Cangkul impor lebih murah [sumber gambar]
Nah, ternyata memang ada alasan di balik impor yang dilakukan ini. Selain industri penghasil cangkul di Indonesia belum bisa memenuhi kebutuhan terkait cangkul, harganya juga lebih murah cangkul impor dari China. Sesuai dengan yang ditulis oleh kumparan.com, ada beberapa pedagang yang dulunya memakai cangkul Cap Ayam (China), tetapi sekarang sudah tak ada lagi stoknya. Untuk cangkul selain Cap Ayam (salah satunya merk Stamvick) per cangkul dihargai 57.500 tanpa gagang. Untuk membeli gagang setidaknya harus merogoh kocek dari Rp 15.000 sampai Rp 20.000.

Kalau produksi terus digenjot, kita bisa kok pakai cangkul produksi lokal

Hariyadi Sukamdani [sumber gambar]
Terkait dengan masalah ini, Asosiasi Pengusaha Indonesia (Apindo) ikut berkomentar.
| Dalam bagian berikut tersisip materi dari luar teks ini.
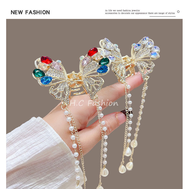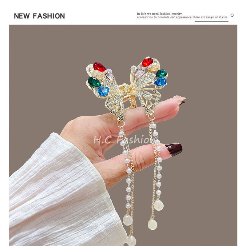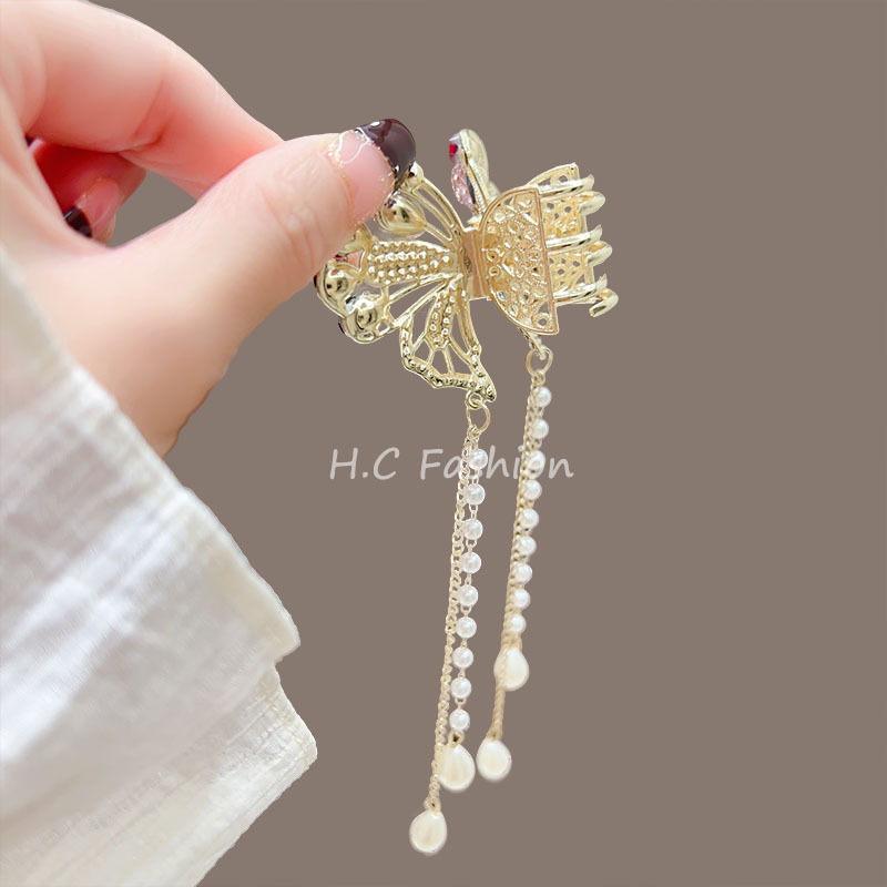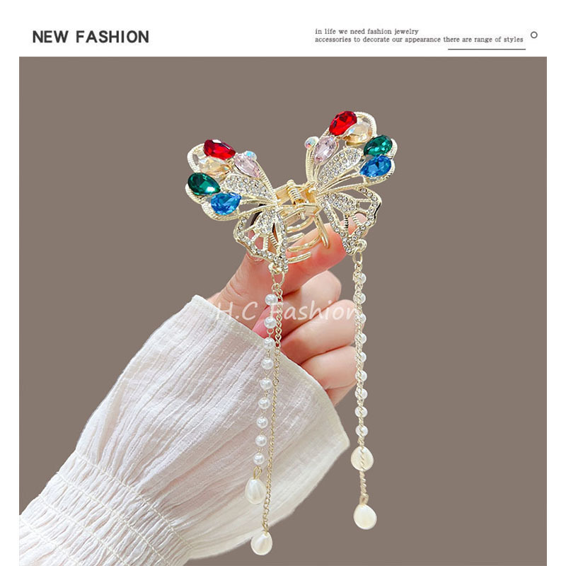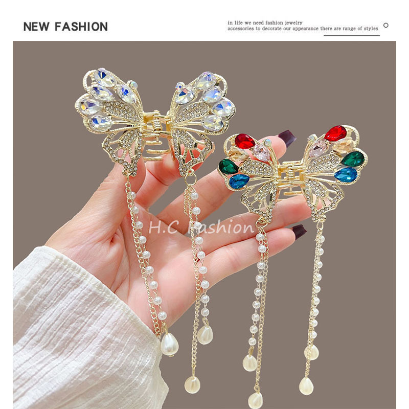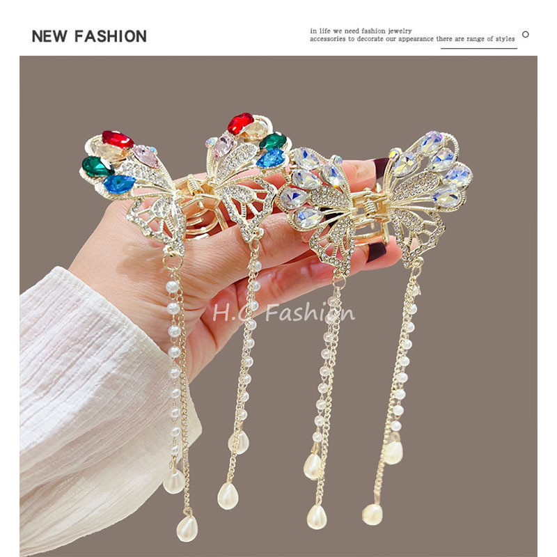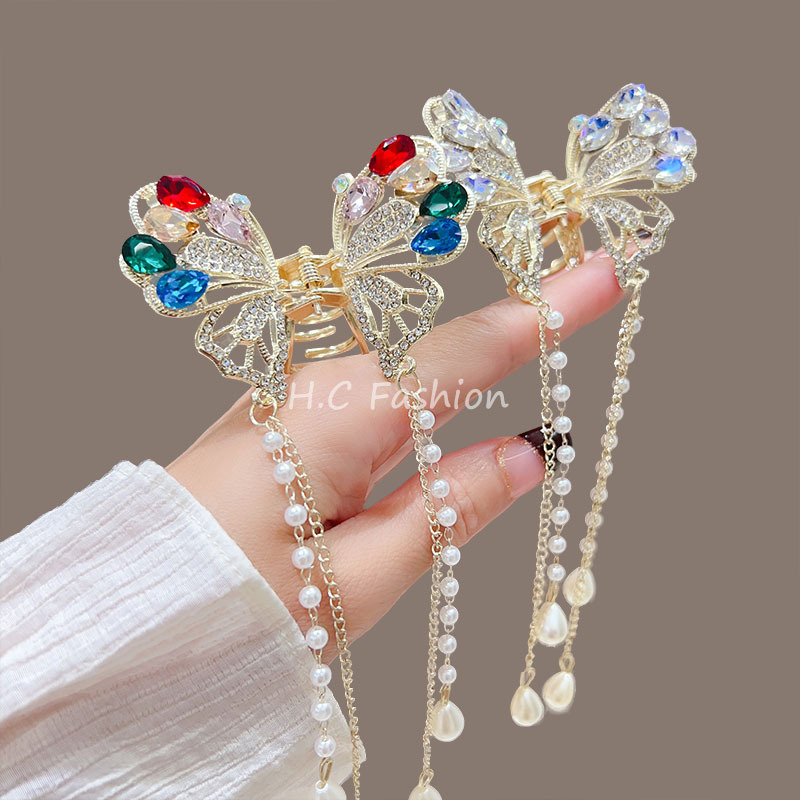 蝴蝶珍珠流苏抓夹新款半扎盘发鲨鱼夹发饰

Menurut ketua umunya, Hariyadi Sukamdani, Indonesia sangat bisa kok kalau mau produksi cangkul di dalam negeri, sehingga tak lagi mengandalkan impor. Karena cangkul ini sendiri merupakan benda yang low technology, bukan seperti smartphone atau elektronik lain. Selain itu, Dirjen  Industri Kecil, Menengah dan Aneka (IKMA) Kemenperin Gati Wibawaningsih segera menyetop impor cangkul. Ia dan pihaknya juga sedang menggenjot pembuatan bahan baku cangkul. Salah satu PT yang ditunjuk adalah PT Indo Baja yang ada di Jawa Timur.

BACA JUGA: Miris 7 Barang Impor ini Seharusnya Bisa Dihasilkan Sendiri Oleh Indonesia

Karena cangkul ini merupakan benda yang low technology, Indonesia pasti bisa kok lebih gigih dalam produksi, sehingga tak lagi butuh impor dari luar negeri. Mari kita majukan produk anak bangsa. Semoga ke depan petani bisa memakai cangkul made in Indonesia ya!